Bear Market Explained
A bear market is the opposite of a bull market. In bear markets, securities decreasing in value. A weakening or sluggish economy is an indicator that a bear market is approaching. That impending sense of a market crash scares investors. In turn, lower market activity reduces the value of the traded securities. The aforementioned 20% rule of thumb applies here: bear markets happen when stock prices fall 20%. The last bear market in the U.S. was the 2007-2009 financial crisis. Bear markets are usually associated with high unemployment, plummeting stock prices, and fear of a recession.

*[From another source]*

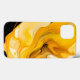 Fin gult och svart telefonfodral. Fodral är abstrakt med svarta och vita nyanser av gult.
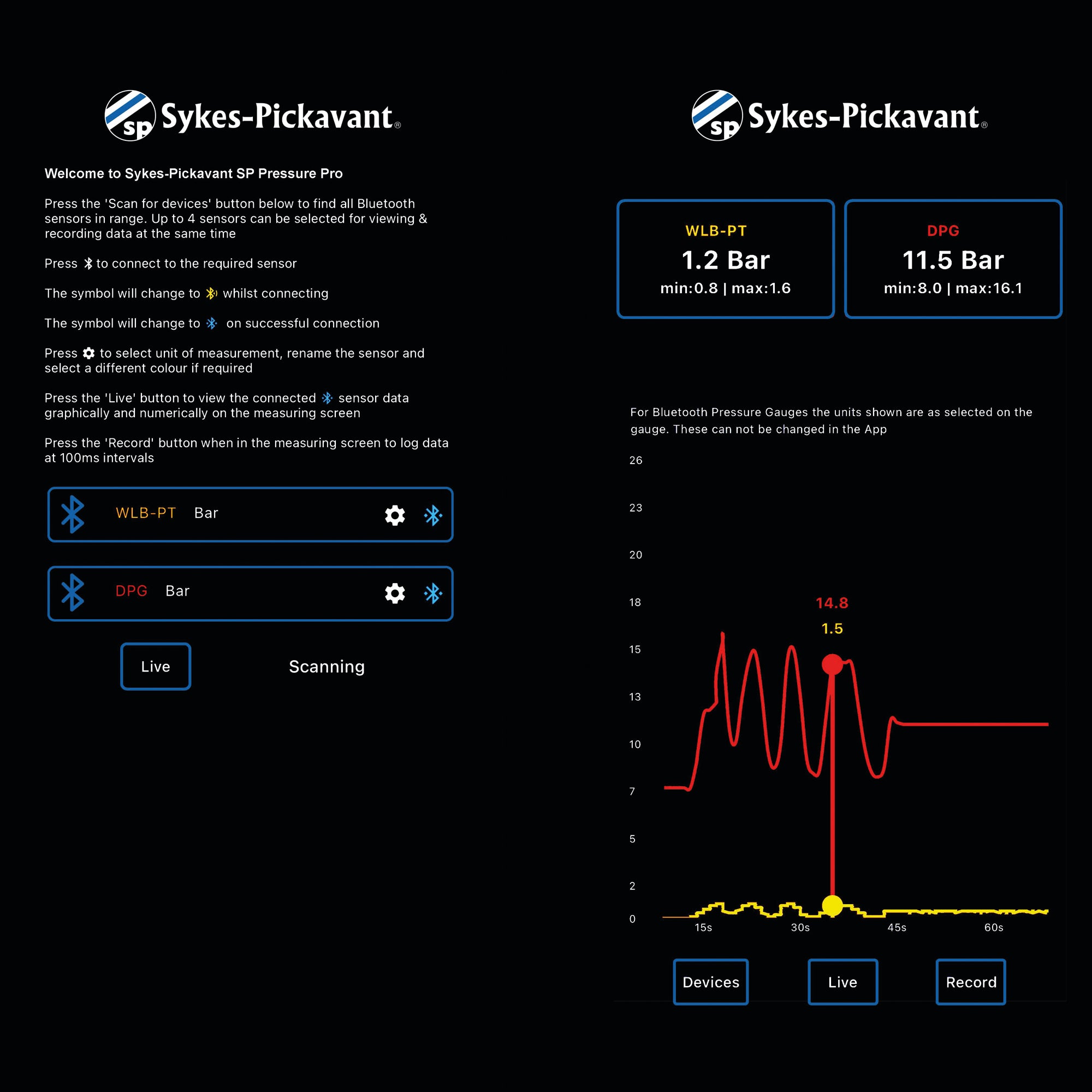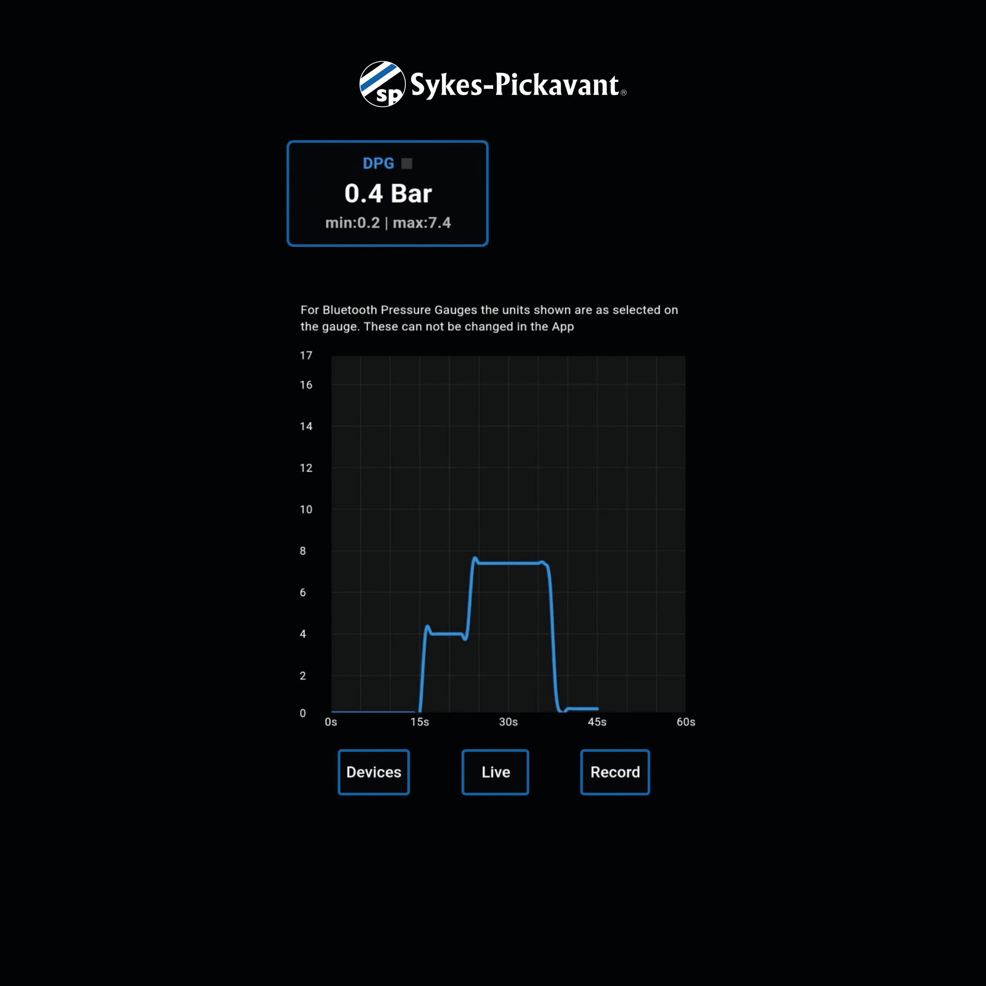 The Sykes Pickavant Bluetooth digital pressure gauge incorporates a high precision pressure sensor with an accurate LCD display showing measured pressure in real time and can transmit readings up to 100 metres via Bluetooth.  Comes complete with hose with quick release fitting to seamlessly use where a 31420100 gauge has previously been used.

There is a lot of speculation about how bulls and bears became associated with financial markets. There are a handful of fun theories out there:
Merriam-Webster cites a 17th century proverb about bearskin merchants which states it is not wise “to sell the bear’s skin before one has caught the bear.” In other words, do not buy something if there is no value. By 1709 the Irish playwright Richard Steele explains “I fear the word “bear is hardly to be understood among the polite people; but I take the meaning to be, that one who ensures a real value upon an imaginary thing, is said to sell ‘bear’…”
Another 17th century theory suggests that the term “bull” originates from the London Stock Exchange bulletin board. A board full of bulletins meant the market was strong, while a bare bulletin board meant the market was weak.
Perhaps the most popular origin story for bull vs bear markets comes from how the animals physically attack. A bull thrusts its horns upwards, while a bear swipes its claws downward.
Bull and Bear Market Insight
In a bull market, investors can take advantage of rising prices by buying early before stock prices skyrocket. Investors can focus on growth stocks with higher return potential.
Most stocks fall during a bear market, but not all recover. Investors are better off short selling or making safer investments, such as fixed-income securities. It also may be a good time to buy beaten down blue-chip companies that are poised to survive the bear market.